What has always amazed and impressed me most about Roy is her ability to successfully maintain a tension, in her fiction, between the fact that her characters are so often uprooted or rootless and the fact that they have, despite this, a real sense of and feel for (and even love for) their setting. Immigrants, vagabonds, and wanderers all move restlessly across Roy's Canada, unable or unwilling to settle, and usually searching for some unobtainable rest. From different perspectives, Roy traces their wanderings with care and grace, and genuine sympathy.

My favorite piece here is "Where Will You Go, Sam Lee Wong?", which focusses on a recent Chinese immigrant to the Great White North, and narrates his difficulties planting himself and thriving in the harsh ground of his newly chosen world. A close second is "Hoodoo Valley," a brief glimpse of an entire community of new arrivals from Eastern Europe in search of a place in Canada that reminds them of their former home.

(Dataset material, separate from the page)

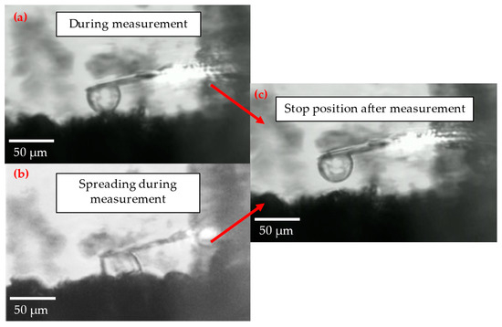 Exemplary horizontal images of the measurements against the sandpaper surface showing different behaviors of the droplet in contact with the surface, resulting in different slopes of the force–distance curves: (a) limited spreading of the droplet; (b) greater droplet deformation and spreading; and (c) similar behavior at stop position after the experiment.
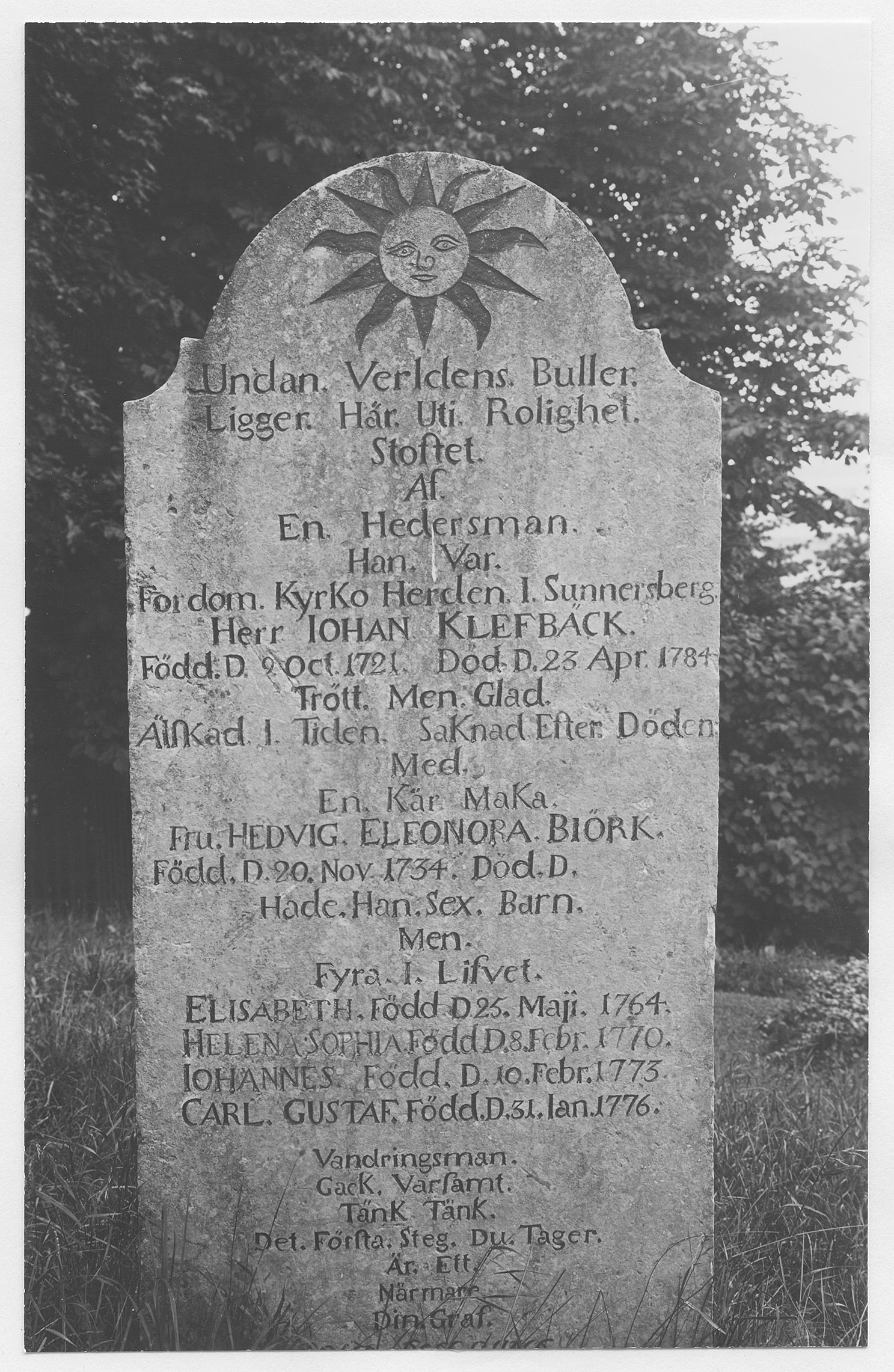 Beskrivning: Minnesvård över kyrkoherden Johan Klefbäck (1721-1784).

Bookending these two immigrant narratives are the first and final stories, including the title piece, which closes the book out in a beautiful way. The French title of the story (and thus of the collection) is "A Garden at the Edge of the World," which captures a little more bluntly what Roy does in this flourishing finish. In what is here called "A Garden in the Wind," Roy situates us at the border--recognizable but not absolute or permanent in any way--between the mapped and known and habitable and controllable Canada, and the endless sprawls of naked land that fan out in almost every direction.

In a strange way, then, Roy manages to make her Canada (she's from Manitoba) imaginable simultaneously as a center or final destination AND as the very marginal threshold of what is known. It's this willful and well-managed blend of opposites--of lovability and unlivability--that makes Roy's fiction such an interesting, moving and edifying read.